In fact, some of the code hasn't really changed longer than 10 years!
Much of the inconsistency stems from a broad range of contributed
content over the years, without formal coding standards - the fact
we now enforce much of the PEP8 guidelines and push unit test
coverage has been the result of a lot of clean up work.

> I want to propose a community effort to ‘tidy up’ Biopython: Removing
> deprecated subpackages, harmonizing naming and documentation
> schemes, sorting modules, updating for modern scientific Python.
> The following sections will contain the proposed changes. Since
> those drastic changes would make the new version completely
> incompatible with existing Biopython versions, the new version is
> Biopython 2.0. Of course, everything is open for discussion. The
> development could happen in a dedicated Biopython branch or
> alternatively in a new repository. The development and release of
> version 2.0 should be parallel to version 1.x, since 1.x should be
> supported for some further years for compatibilty reasons.

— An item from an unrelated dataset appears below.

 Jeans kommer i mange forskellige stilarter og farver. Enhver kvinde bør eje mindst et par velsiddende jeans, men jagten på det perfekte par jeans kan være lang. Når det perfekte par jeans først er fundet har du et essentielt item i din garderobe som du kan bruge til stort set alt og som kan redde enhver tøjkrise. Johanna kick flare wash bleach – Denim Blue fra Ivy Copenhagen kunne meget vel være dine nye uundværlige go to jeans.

I have pondered this as well - including continuing to ship both
the old "Bio" namespace and its v2.0 replacement in the same
package, which would allow moving code into the new namespace
and leaving in place stubs supporting the old API present.

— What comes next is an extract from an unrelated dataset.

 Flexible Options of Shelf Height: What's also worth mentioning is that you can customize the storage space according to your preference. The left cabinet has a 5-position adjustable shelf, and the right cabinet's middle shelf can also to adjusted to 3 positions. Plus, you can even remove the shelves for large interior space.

(This has the advantage of avoiding two code-bases, and having
to manually back-port fixes)

> I know, this endeavour might be a lot of work, but if enough of us
> Biopythoneers work on this, we might finish it in a few months.
> So, now let’s begin with the suggested changes.

Sadly few of us are able to spend as much time on Biopython as
it deserves, so I fear your few month goal is optimistic. This is a
major reason why I've not yet pushed on this, and instead have
been concentrating on things we can fix or improve without
backwards incompatible changes (like coding style, docstring style,
unit test coverage, continuous integration and automated testing).

Are you by chance going to be in Prague for ISMB/ECCB 2017? It
would be great to meet up in person at the (fee) pre-BOSC Codefest
to discuss or prototype some the v2 ideas in person:

https://www.open-bio.org/wiki/Codefest_2017

> 0.1 Deprecation of Python 2.x
> support Since Python 3 is now released for almost 10 years, I propose
> to take the opportunity of not caring for backwards compatibility and
> deprecate the Python 2.x support.

We're about to sign up to http://www.python3statement.org/  and drop
Python 2.7. support by 2020 (when the Python drop support for it), see
http://mailman.open-bio.org/pipermail/biopython-dev/2017-June/021739.html

> 0.2 numpy, scipy and matplotlib as dependencies
> numpy enables convenient and fast data handling in Python and is
> one of the reasons why Python is so popular in scientific computing.
> scipy adds a lot of functionality to numpy and matplotlib is a popular
> tool for plotting. Since all 3 packages are nearly a must-have in
> scientific usage of Python (e.g. bundled in Anaconda), I would
> suggest that these packages are required for using Biopython 2.0.

Large parts of Biopython already assume NumPy, and it is our only
compile time dependency. Jython does not support NumPy, but has
not really taken off. Nowadays PyPy's NumPy support is really good.
It would make the install and testing framework simpler to just require
NumPy absolutely, but that would break Jython...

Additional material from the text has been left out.